I'm sending various data frames to Microsoft SQL Server using the Pandas function to_sql() and a mssql+pyodbc:// connection made with sqlalchemy.create_engine. Sometimes to_sql() returns the number of rows written, which is what I expect from the documentation on Returns:

Number of rows affected by to_sql. None is returned if the callable passed into method does not return an integer number of rows.

The number of returned rows affected is the sum of the rowcount attribute of sqlite3.Cursor or SQLAlchemy connectable which may not reflect the exact number of written rows as stipulated in the sqlite3 or SQLAlchemy.

But in some cases I'm seeing it return negative values like -1, 2, -11, -56. If I use method="multi" this behavior goes away.
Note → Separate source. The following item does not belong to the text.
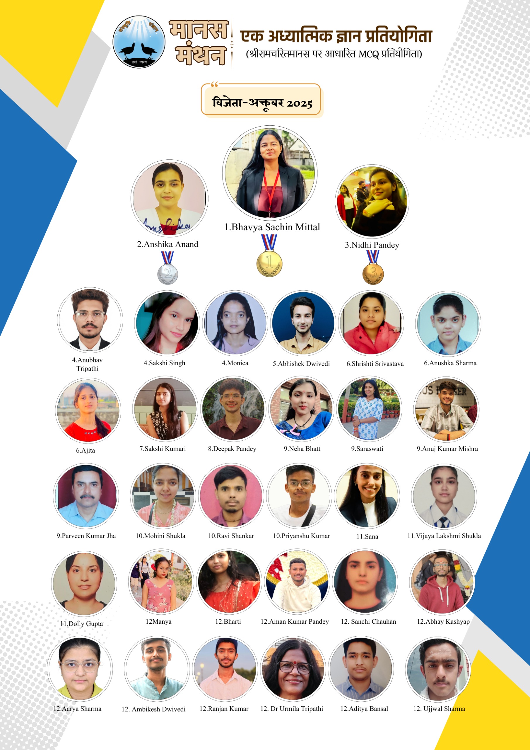 संस्कृति संज्ञान संस्था द्वारा 30 अगस्त 2025 को मानस मंथन ऑनलाइन एमसीक्यू प्रतियोगिता का आयोजन किया गया। इस प्रतियोगिता में 800 से ज्यादा छात्रों ने रजिस्ट्रेशन कराया तथा 500 के करीब छात्रों ने भाग लिया। प्रतियोगिता में प्रथम 20 स्थान निर्धारित करने के लिए 33 छात्र-छात्राओं को ऑनलाइन इंटरव्यू के लिए आमंत्रित किया गया। इंटरव्यू में उन्हें राम अंगद संवाद से चुने हुए 4 दोहे या चौपाइयों की कंठस्थ प्रस्तुति, अर्थ एवं संदेश बताना था। यह बहुत ही सुखद अनुभव है कि इन सभी छात्रों का प्रदर्शन बहुत ही प्रशंसनीय था और प्रथम 20 स्थान निर्धारित करना संस्था के सदस्यों के लिए अत्यंत कठिन कार्य था। काफी विचार विमर्श के पश्चात 24 छात्रों को पुरस्कार और सम्मान के लिए चुना गया। सभी चयनित विद्यार्थियों को संस्था की हार्दिक बधाई और शुभकामनाएं।

Here I'm writing a table with 325 records:

>>> PLSUBMITTALTYPE.to_sql("PLSubmittalType", con=data_lake, if_exists="replace")
-1

>>> PLSUBMITTALTYPE.to_sql("PLSubmittalType", con=data_lake, if_exists="replace", method="multi", chunksize = 50)
325

What do those negative values mean? It appears to be succeeding in writing to the database in those cases.

Sam Firke
  • 21,571
  • 9
  • 87
  • 105
  • Show us the call, please, so we can see the args. What rows are in there already? Are you upserting? Are there integrity constraints? Does the symptom persist if you’re writing to an empty temp table? – J_H Mar 16 '23 at 20:55
  • @J_H I've added a call and output. These are writing new tables and I've found this behavior vanishes when I specify `method="multi"`. – Sam Firke Mar 17 '23 at 14:12

1 Answers1

0

You have a software stack that is not behaving in a completely reliable, predicted, documented way. I recommend changing your approach.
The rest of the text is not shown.